DATA IN THIS EXERCISE START

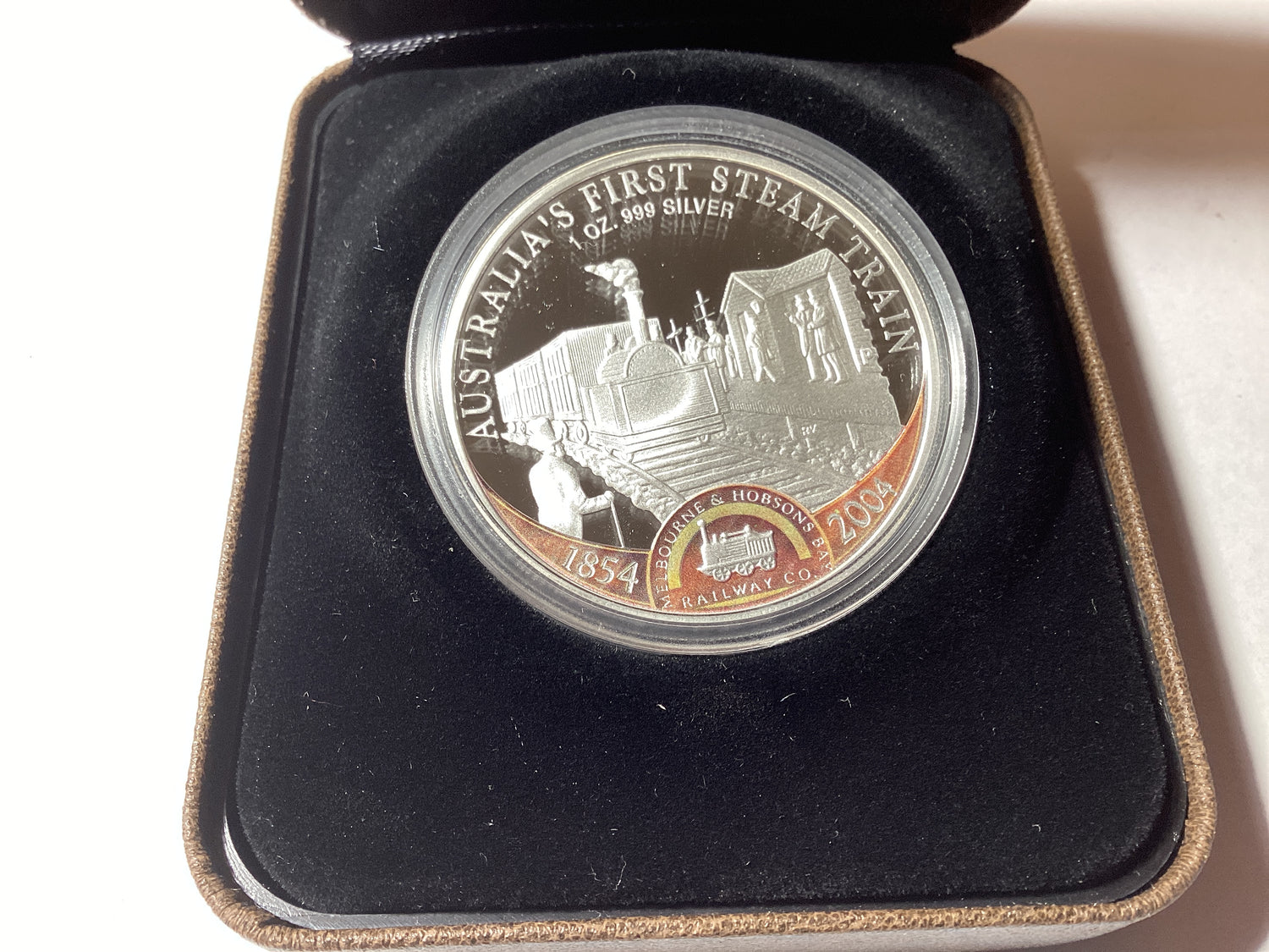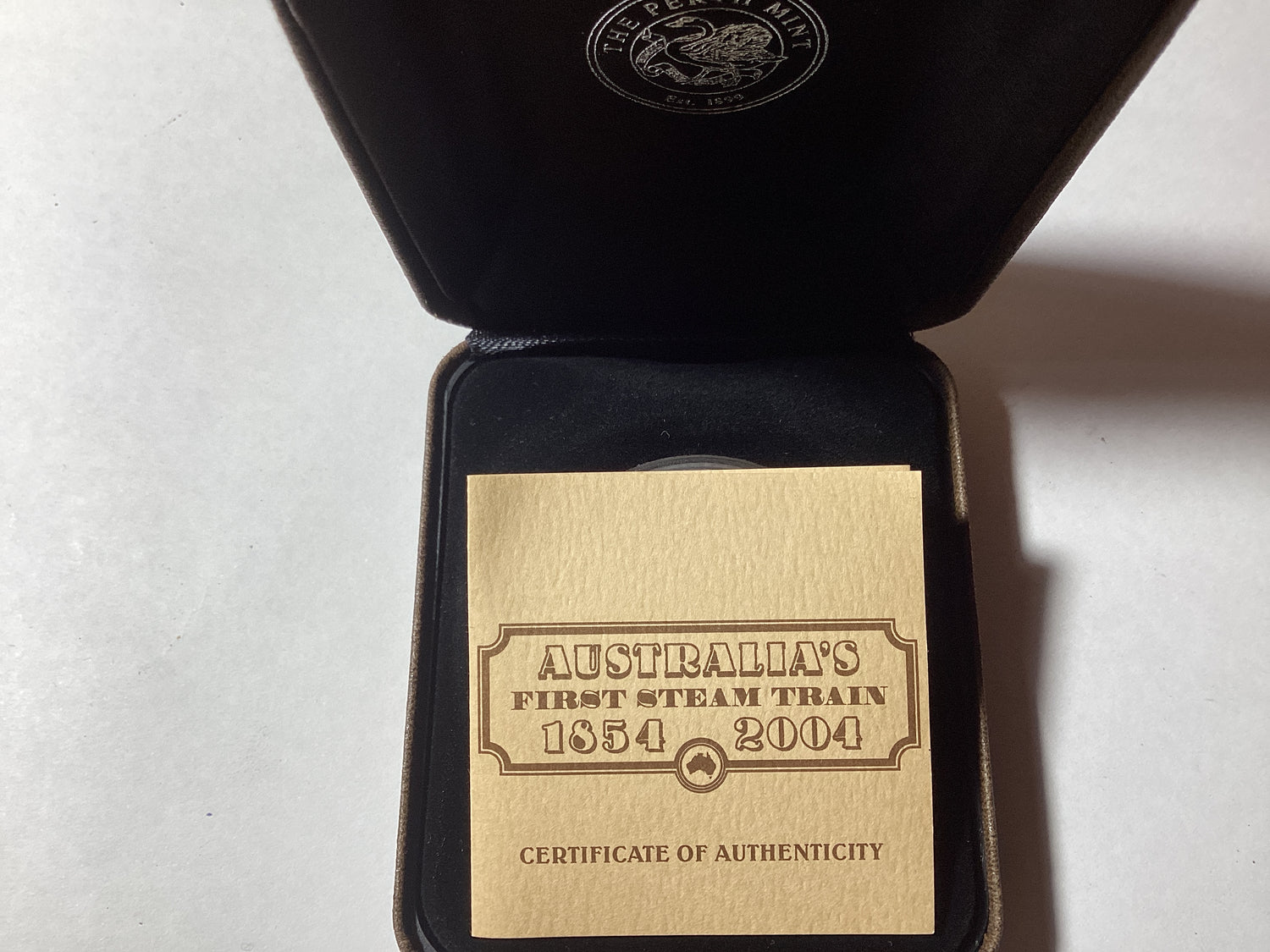 2004 Australia’s First Steam Trains 150th Anniversary. 1854-2004. 1oz Silver Proof Coin.
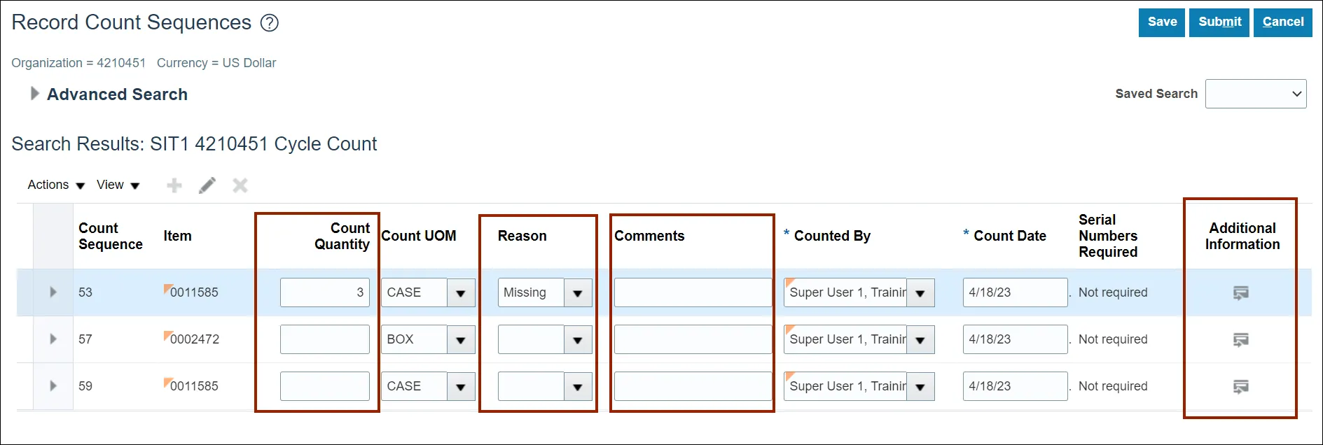Step 12. Enter the Count Quantity and any required fields.
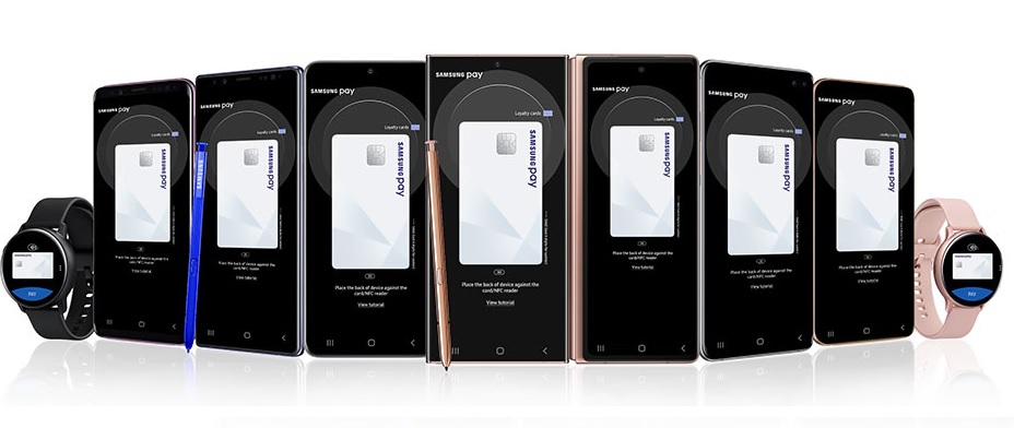 Samsung Pay supported smartphones and wearables: Galaxy Z Fold3 5G, Galaxy Z Flip3 5G, Galaxy Z Fold2, Galaxy Fold, Galaxy Z Flip, Galaxy S22 (NFC only), S22+ (NFC only), S22 Ultra (NFC only), Galaxy S21 (NFC only), Galaxy S21 FE (NFC only), S21+ (NFC only), S21 Ultra (NFC only), S20 Ultra, S20+, S20, S20 FE, S10+, S10, S10e (NFC only), S9+, S9, S8+, S8, S7 Edge, S7 (NFC only), Note 20 Ultra 5G, Note 20 Ultra, Note 20 5G, Note 20, Note 10+, Note 10, Note 10 Lite (NFC only), Note 9, Note 8, A9 (NFC only), A80 (NFC only), A8, A73 5G (NFC Only), A72 (NFC only), A71 (NFC only), A70 (NFC only), A7 (2017), A53 5G (NFC Only), A52 | A52 5G (NFC only), A51 (NFC only), A5 (2017), A33 5G (NFC Only), A32 | A32 5G (NFC only), A31 (NFC only), A30s (NFC only), A23 (NFC Only), A22 LTE (NFC Only), A13 5G (NFC only), Galaxy Watch 4, Galaxy Watch 3, Galaxy Watch, Watch Active, Watch Active2, Gear S3 and Gear Sport. Only South African models will be supported (XFA / XFV SKU Codes).
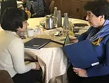 Angellica Aribam negotiating a deal with Prime Minister Beatriz Merino in a simulation exercise.
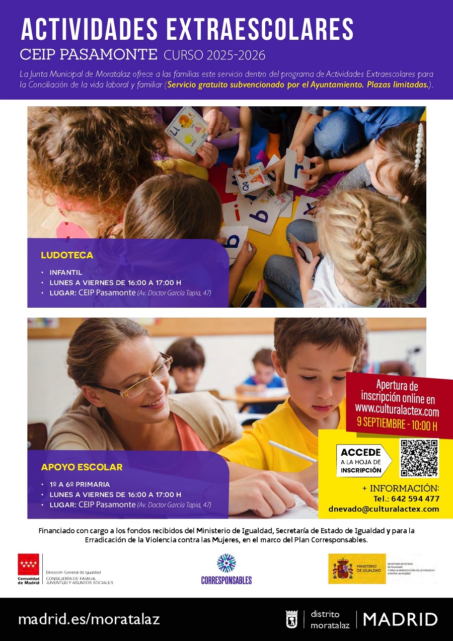 La Junta Municipal de Moratalaz ofrece a las familias este servicio dentro del programa de Actividades Extraescolares para la Conciliación de la vida laboral y familiar (servicio gratuito subvencionado por el Ayuntamiento. Plazas Limitadas)
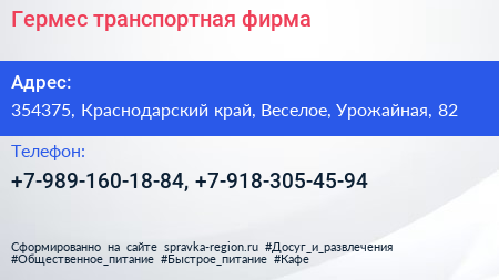 Гермес, транспортная фирма по адресу 354375, Краснодарский край, Веселое, Урожайная, 82 в дальнейшем Организация, размещена в следующих категориях:
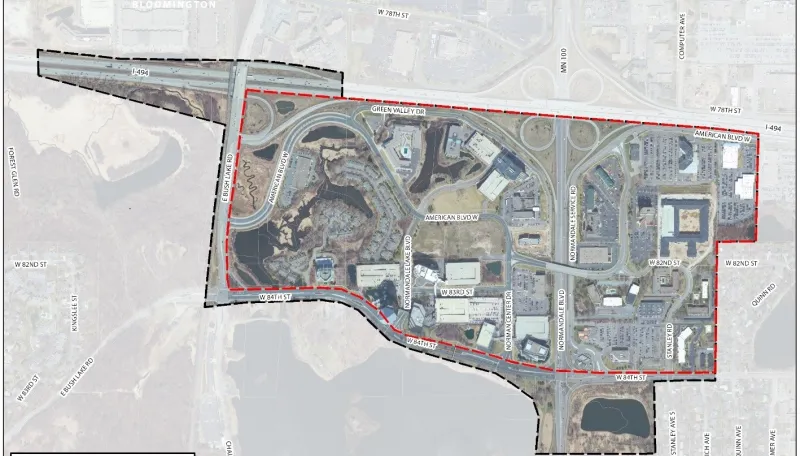 The Normandale Lake District Plan includes the area bounded by West 84th Street on the south, just beyond Stanley Road on the east, I-494 on the north and East Bush Lake Road on the west.
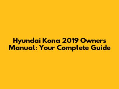 Hyundai Kona 2019 Owners Manual: Your Guide
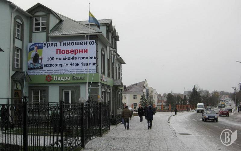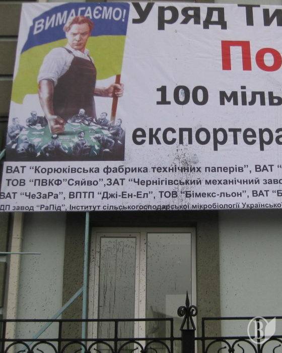 Поэтому нежинская просвестительно-производственная коммерческая фирма «Сяйво» выставила бигборды в Нежине и на трассе Чернигов-Киев около села Скибин, с текстом –«Уряд Тимошенко – верни 100 миллионов гривен экспортерам Черниговщины!».
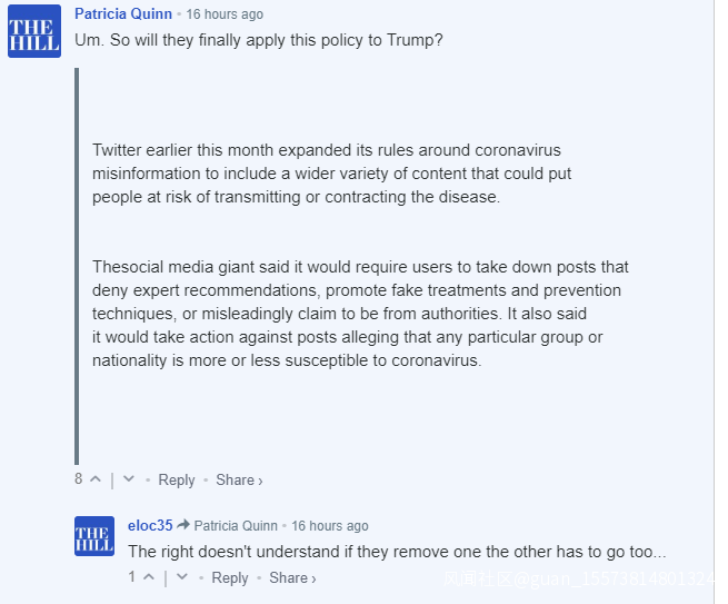 然而,在《國會山報》的報道下面,有網民就調侃説,如果推特真的按照這些人的定義和標準去刪除趙立堅的網帖並封號,那特朗普的賬號早就應該被封殺了……。。
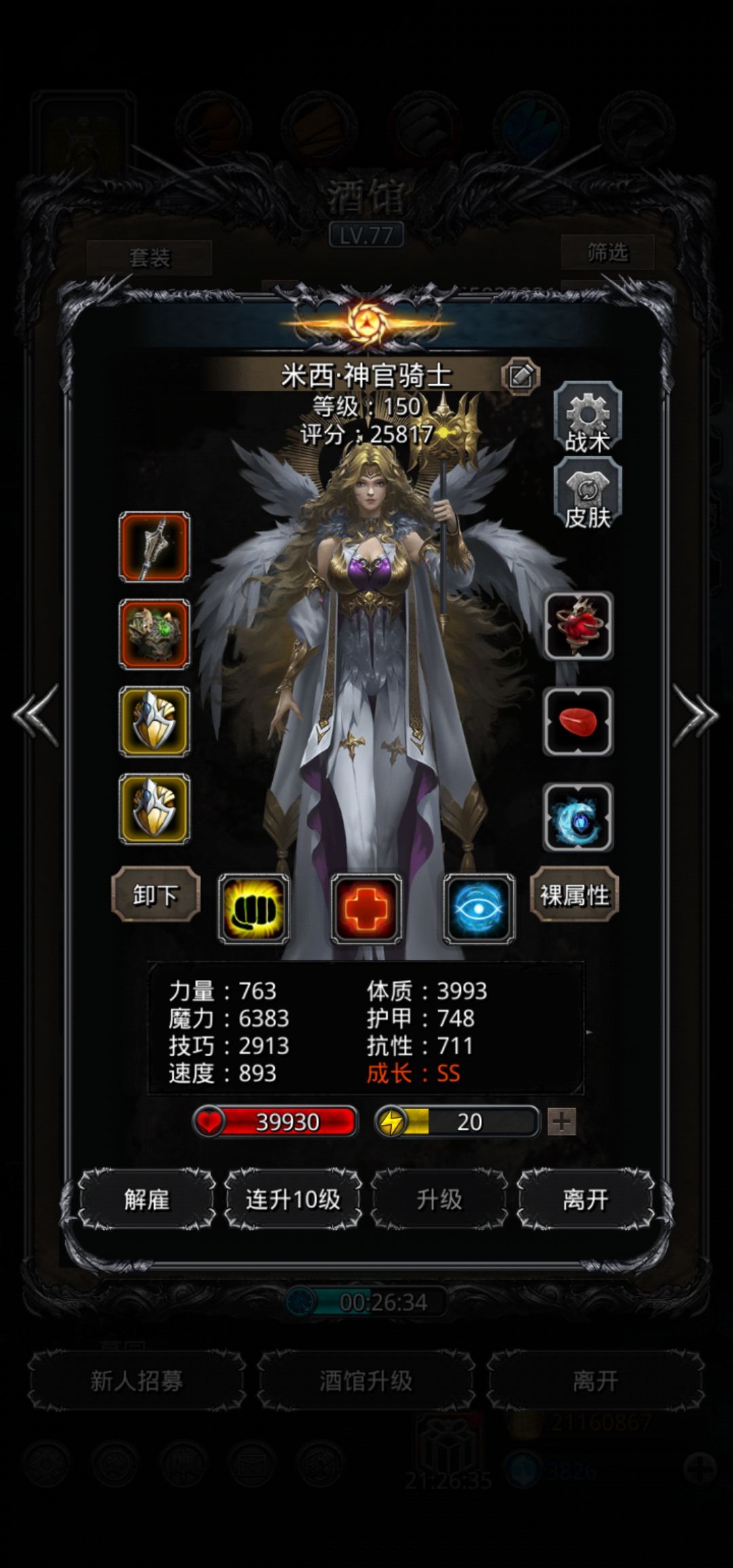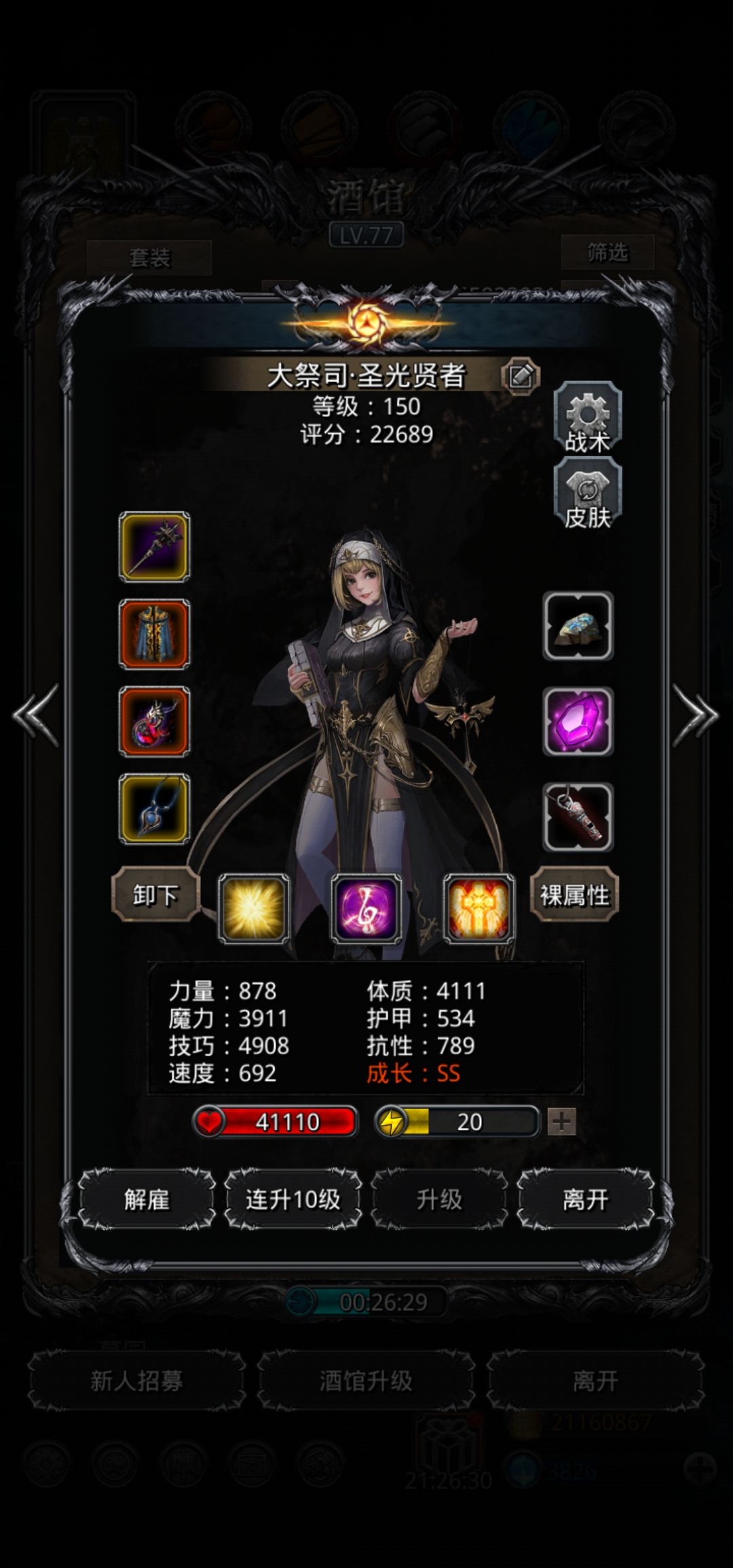 神官主魔力,技能48自己80队友。

DATA IN THIS EXERCISE END

WHAT YOU WILL DO: From the records above, copy only the lines running from the line holding "La Junta Municipal" through the line holding "Hyundai Kona 2019 Owners Manual: Your Guide", with no pictures.

OUTPUT OF THE EXERCISE:
 La Junta Municipal de Moratalaz ofrece a las familias este servicio dentro del programa de Actividades Extraescolares para la Conciliación de la vida laboral y familiar (servicio gratuito subvencionado por el Ayuntamiento. Plazas Limitadas)
 Гермес, транспортная фирма по адресу 354375, Краснодарский край, Веселое, Урожайная, 82 в дальнейшем Организация, размещена в следующих категориях:
 The Normandale Lake District Plan includes the area bounded by West 84th Street on the south, just beyond Stanley Road on the east, I-494 on the north and East Bush Lake Road on the west.
 Hyundai Kona 2019 Owners Manual: Your Guide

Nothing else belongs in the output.